Revolution Bars Group (RBG)

Deltic proposal warrants consideration | finnCap, 6 Oct 

Gold Access


"In the absence of a cash element to the offer from Deltic, we think that investors will choose the (undervalued) certainty of 203p in cash from Stonegate under current market conditions.


Our initial analysis of Deltic’s merger proposal implies a valuation of 286p per share. In effect, RBG shareholders are being offered 65% of the combined entity for 53% of the combined EBITDA. Optically, this looks attractive relative to Stonegate’s 203p all-cash offer. We think that the proposed synergies relating to the merger (being verifiable) are by their nature conservative in quantum and timing, and more focus (e.g. around bar opening costs) could give further upside. Revenue synergies were not quantified, whereas, in reality, the ability to capture different demographics, trade them across a wider late-night piece with the addition of RBG’s food offering could add material traffic/revenue upside.

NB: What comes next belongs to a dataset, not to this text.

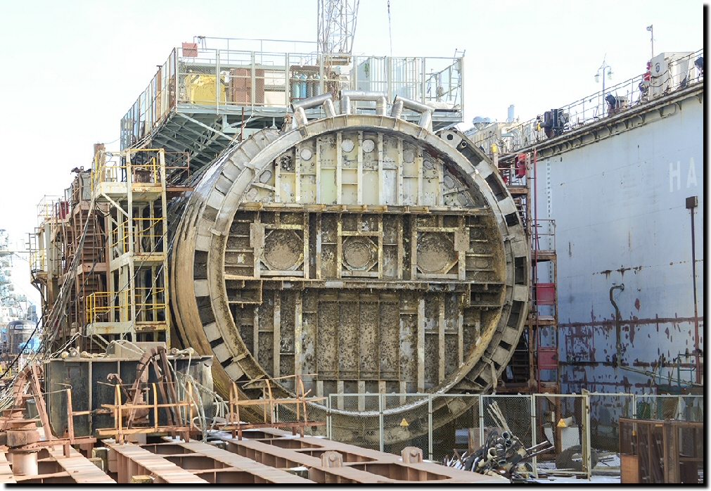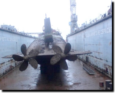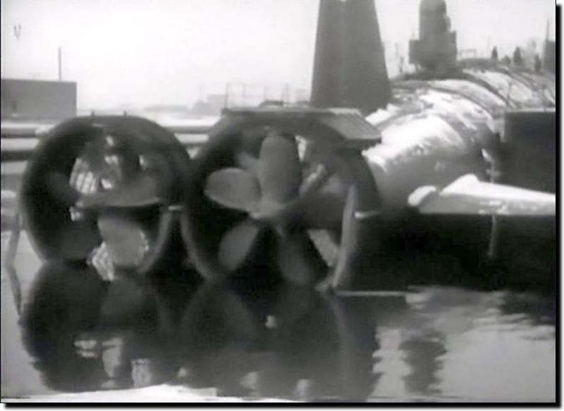 Je n'arrive pas à savoir s'il s'agit d'essais d'hélices, ou simplement de protections autour des ces hélices lors de mises à l'eau

Deltic clearly wants an (easy?) way of listing, potentially using an acquisition currency to mop up other bar operators in the current environment, and RBG shareholders could become part of this bigger journey. 


First, why was there no cash offer? This could still come, although the 10 October deadline may leave insufficient time to agree on financing and convince management, and Deltic is keen to have a listing – although we think a cash element (e.g. 50:50 merger with a special dividend) could focus the mind, given repeated commentary from management around the certainty that cash offers bring. Secondly, in the current environment, investors will need to take a view on what multiple an operator concentrated into a particular (late night) segment of the market should trade on versus a more diversified operator across a wide variety of formats from community and high-street pubs through branded bars to country inns and late-night venues. Intuition suggests that diversification prevails in weaker cycles. Wet-led venues are generally back in vogue but we have seen some slippage recently from GNK and MAB. Countering that, significant late-night capacity has come out of the market over the last decade and supply is more aligned to demand. Either way, with RBG’s share price having drifted back yesterday, and a cash underpin limiting the downside, we would expect to see renewed buying given that expectations may have shifted back to Stonegate raising its offer."


Accrol Group (ACRL)

Share suspension, forecasts and recommendation under review | Liberum, 5 Oct

Gold Access


"In a very disappointing and rather unforeseen set of circumstances, we are putting our forecasts and recommendation under review. The shares have been suspended pending funding discussions with the company's lenders. We will update our views and forecasts as and when there is greater clarity.


A number of factors have combined:


1. Input cost pressures higher than expected: In particular, there has been a continuous and material rise in parent reel prices. At this stage, this trend may continue for the foreseeable future.

2. Lack of pricing power: The group has been unable to increase prices to the extent we had hoped and this causes downward pressure on FY expectations.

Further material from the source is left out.